Exercise description:
Nothing but an exact copy is asked for: the lines in the material below from the one with "2026-27 के बजट" through the one with "Бордовое платье теплое", pictures excluded.

Data to use:

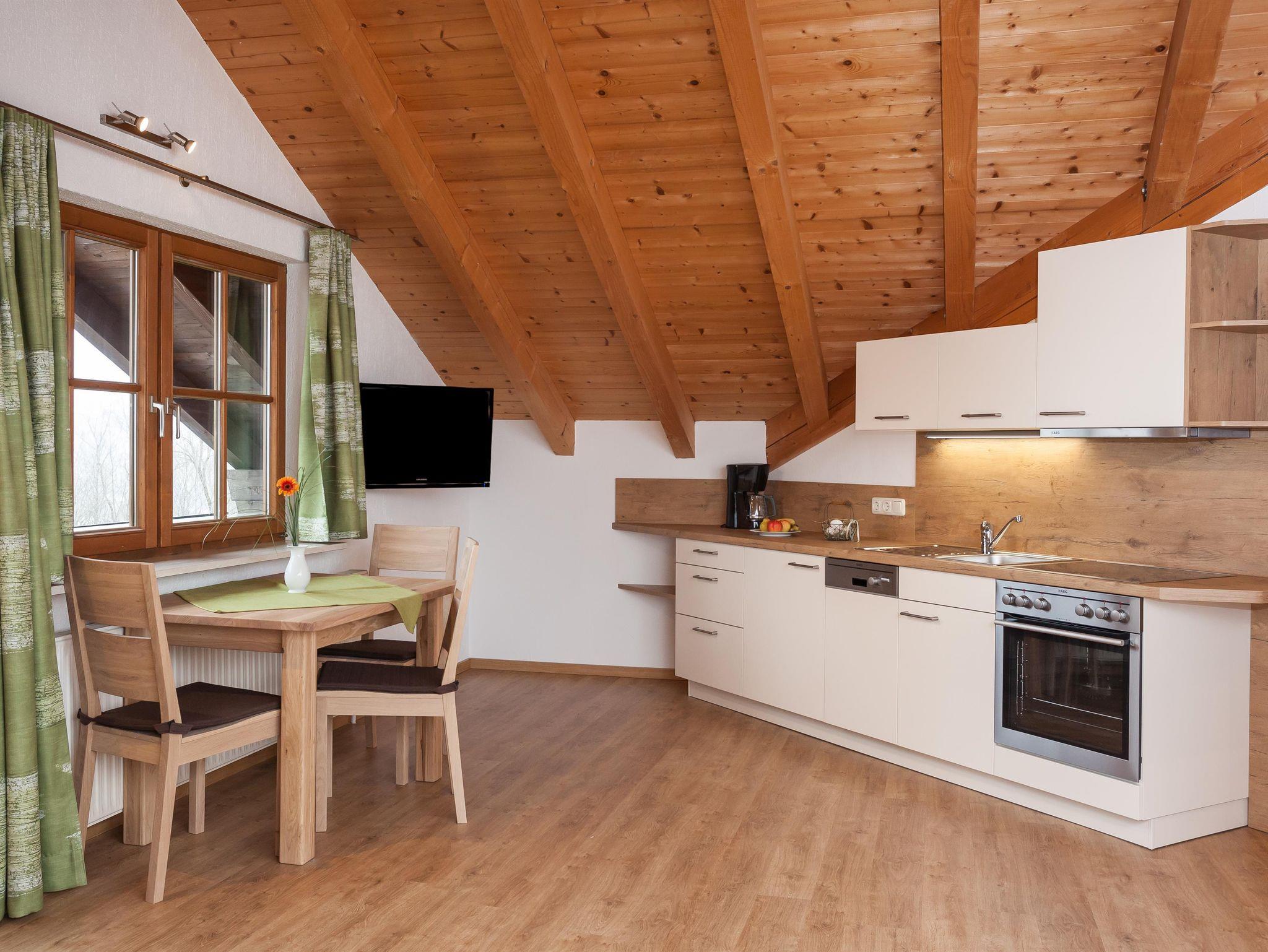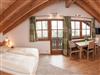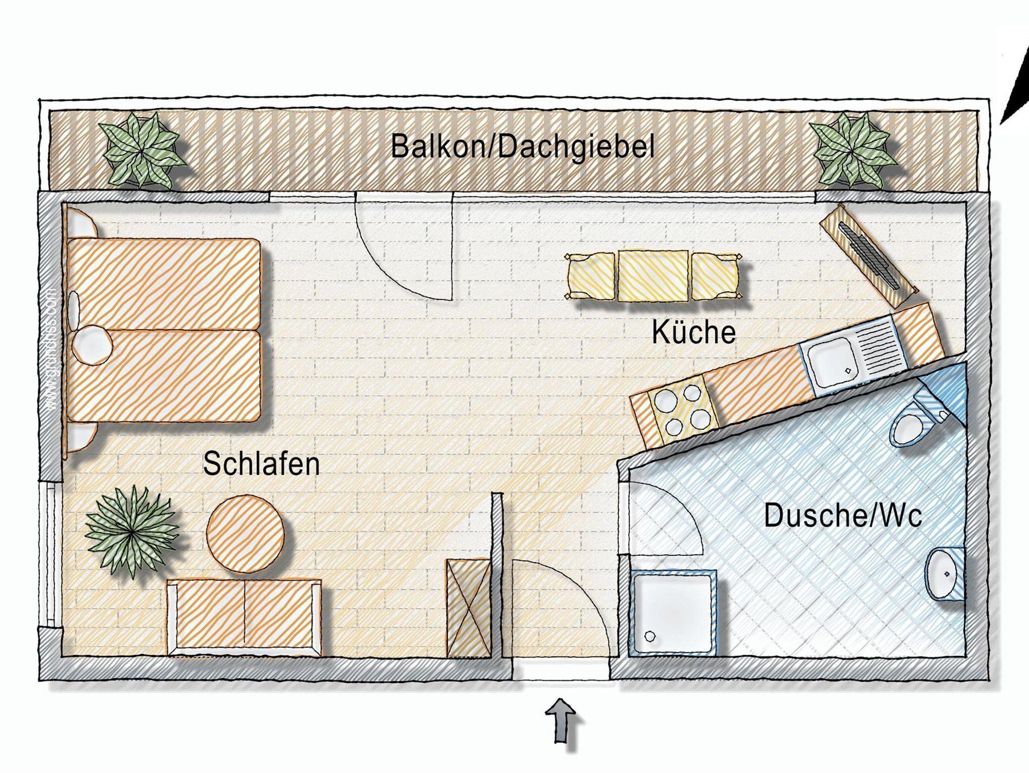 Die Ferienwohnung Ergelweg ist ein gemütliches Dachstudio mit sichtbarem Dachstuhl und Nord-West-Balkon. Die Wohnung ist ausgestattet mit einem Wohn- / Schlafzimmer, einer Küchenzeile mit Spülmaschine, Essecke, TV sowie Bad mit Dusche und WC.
...
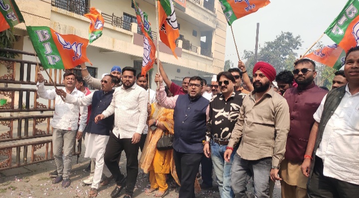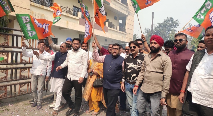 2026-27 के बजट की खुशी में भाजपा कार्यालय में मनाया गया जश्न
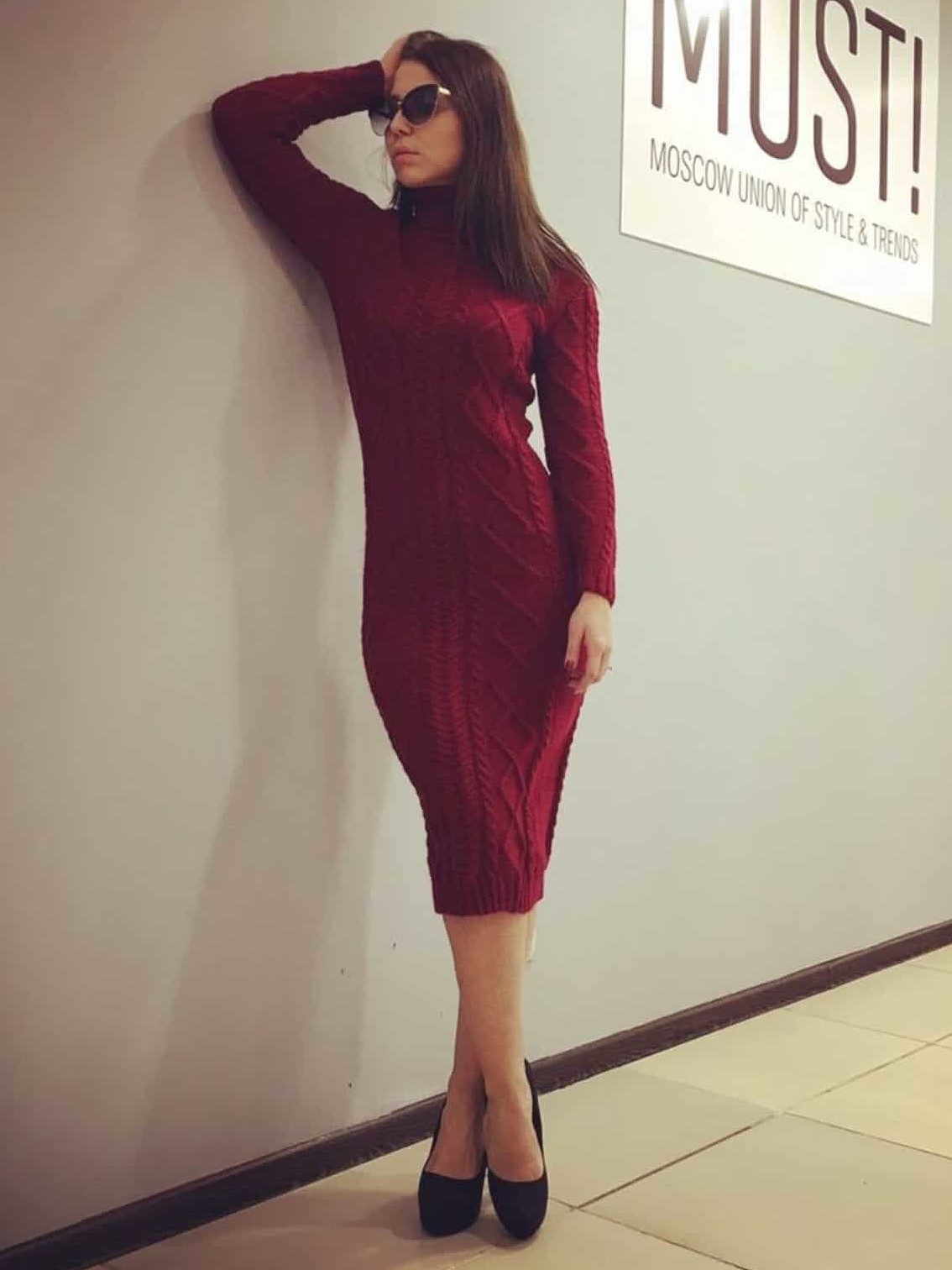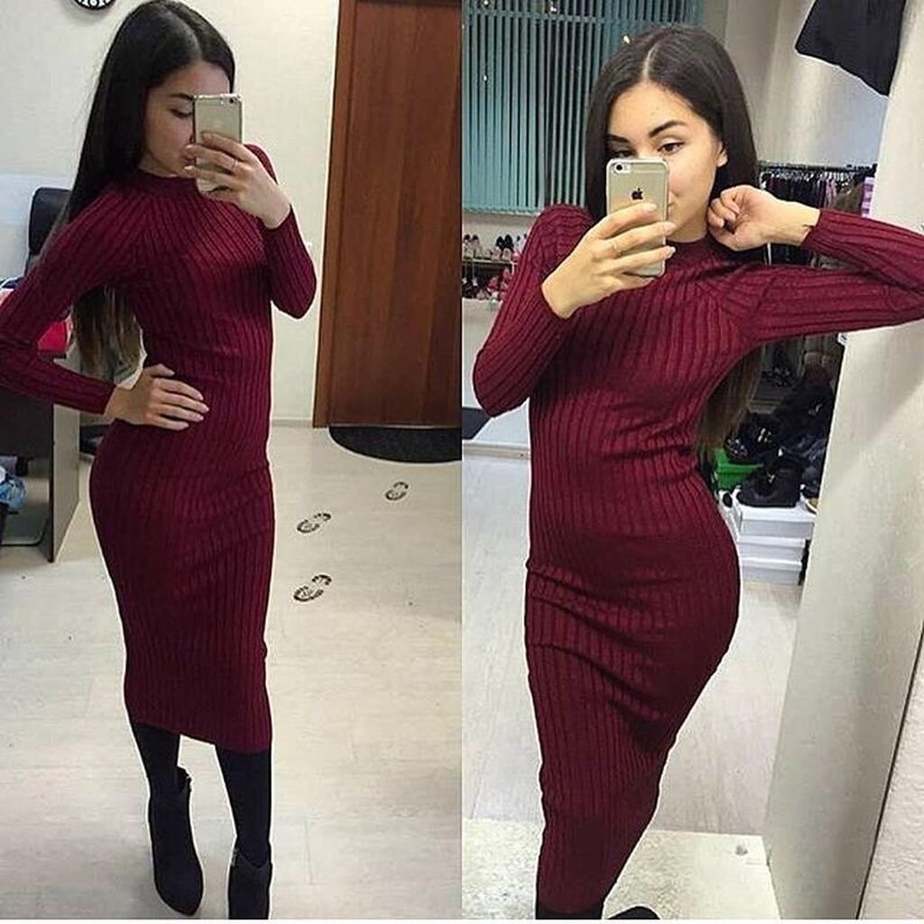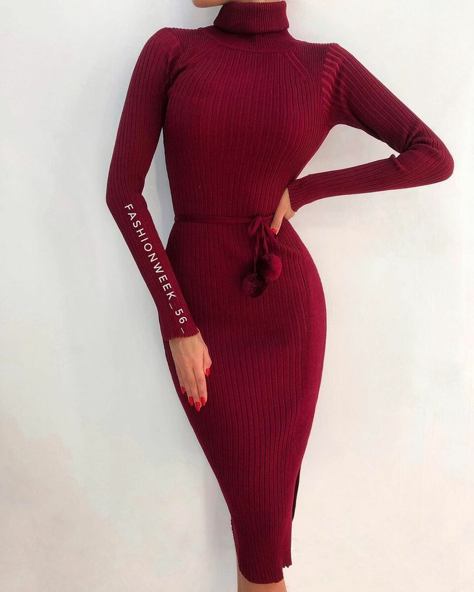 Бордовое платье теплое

Expected output:
 2026-27 के बजट की खुशी में भाजपा कार्यालय में मनाया गया जश्न
 Бордовое платье теплое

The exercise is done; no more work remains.